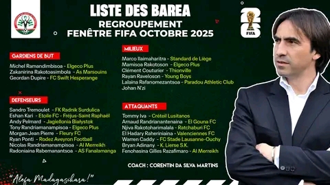 Nivoaka ny lisitry ny Barea an’i Madagasikara hiatrika ny andro faha-9 sy faha-10 eo amin’ny fifanintsanan’ny amboara erantany 2026. Nanamarika ity lisitra navoakan’ny mpanazatra Corentin Da Silva Martins ity ny fidiran’ireo mpilalao mbola tanora hanampy ireo zoky efa manana rraikefa.
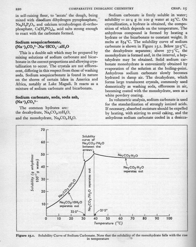 studiot: I see clearly from the diagram that Sodium Carbonate only becomes soluble as the surrounding heat rises, losing its hydrate in the process, this I can confirm. Looking further online it seems that the crystallisation process occurs as the dry powder is an anhydrous compound and in this case can absorb water, which then becomes the water of hydration and thus crystallises.
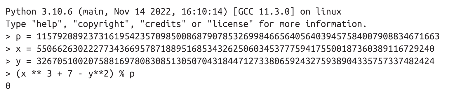 示例4-1:使用Python验证这个点是否在椭圆曲线上
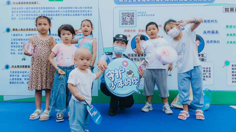 活动现场,“反诈先锋”“禁毒战警”“走私克星”“网安狙击手”“交通最前沿”“童梦护卫队”等多个功能展区林立,“保护我方未来”“人间清醒 远离毒品”等生动的用语、活泼的配色引来了许多群众的驻足围观。
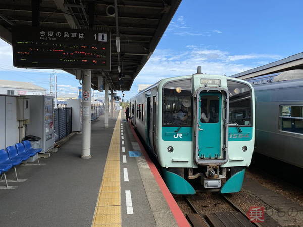 並行するバスと運賃が共通になる牟岐線の列車(乗りものニュース編集部撮影)。
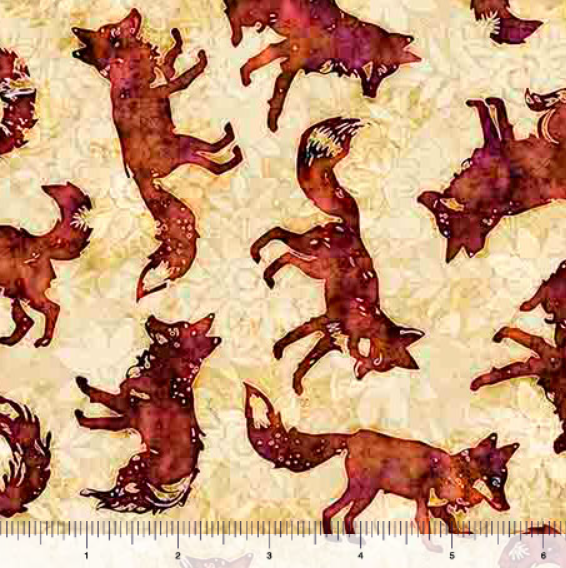 Adorable print with foxes on a mottled beige background from the Wild Wood collection.
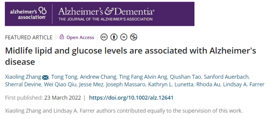[2]Zhang X, Tong T, Chang A, et al. Midlife lipid and glucose levels are associated with Alzheimer's disease. Alzheimers Dement. 2022 Mar 23. doi: 10.1002/alz.12641. Epub ahead of print. PMID: 35319157.
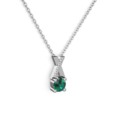 Yeşil kuvars ve pırlanta 14 ayar beyaz altın kolye (0.075 karat, 40 cm beyaz altın rolo zincir)
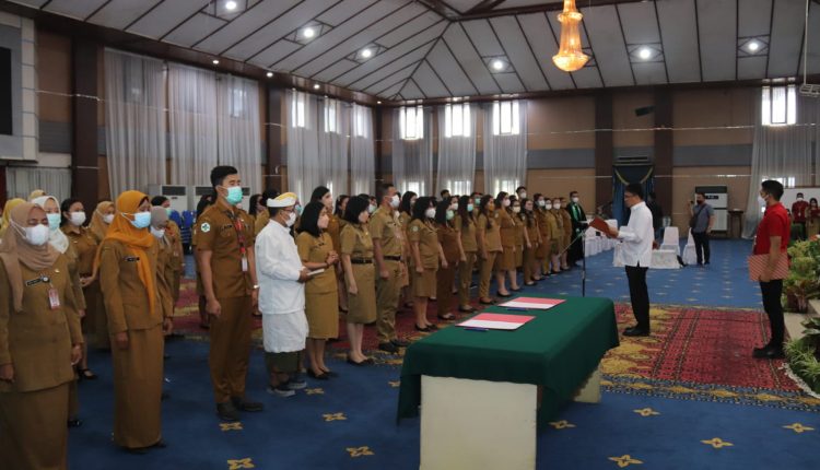 LIPUTANMETRONEWS -Selasa, (07/06/2022) Wali Kota Manado Andrei Angouw bertindak sebagai Inspektur Upacara pada acara Pelantikan dan Pengambilan Sumpah/Janji Pengangkatan Pertama Dalam Jabatan fungsional Tertentu di Lingkungan Pemerintah Kota Manado yang dilaksanakan di ruang serbaguna Pemerintah Kota Manado.

--------------------

__WHAT TO PRODUCE__:
From the line that contains "並行するバスと運賃が共通になる牟岐線の列車(乗りものニュース編集部撮影)。" to the final line of the entries, reproduce every line exactly, both ends included. Leave out all pictures.

__ANSWER SECTION__:
 並行するバスと運賃が共通になる牟岐線の列車(乗りものニュース編集部撮影)。
 Adorable print with foxes on a mottled beige background from the Wild Wood collection.
[2]Zhang X, Tong T, Chang A, et al. Midlife lipid and glucose levels are associated with Alzheimer's disease. Alzheimers Dement. 2022 Mar 23. doi: 10.1002/alz.12641. Epub ahead of print. PMID: 35319157.
 Yeşil kuvars ve pırlanta 14 ayar beyaz altın kolye (0.075 karat, 40 cm beyaz altın rolo zincir)
 LIPUTANMETRONEWS -Selasa, (07/06/2022) Wali Kota Manado Andrei Angouw bertindak sebagai Inspektur Upacara pada acara Pelantikan dan Pengambilan Sumpah/Janji Pengangkatan Pertama Dalam Jabatan fungsional Tertentu di Lingkungan Pemerintah Kota Manado yang dilaksanakan di ruang serbaguna Pemerintah Kota Manado.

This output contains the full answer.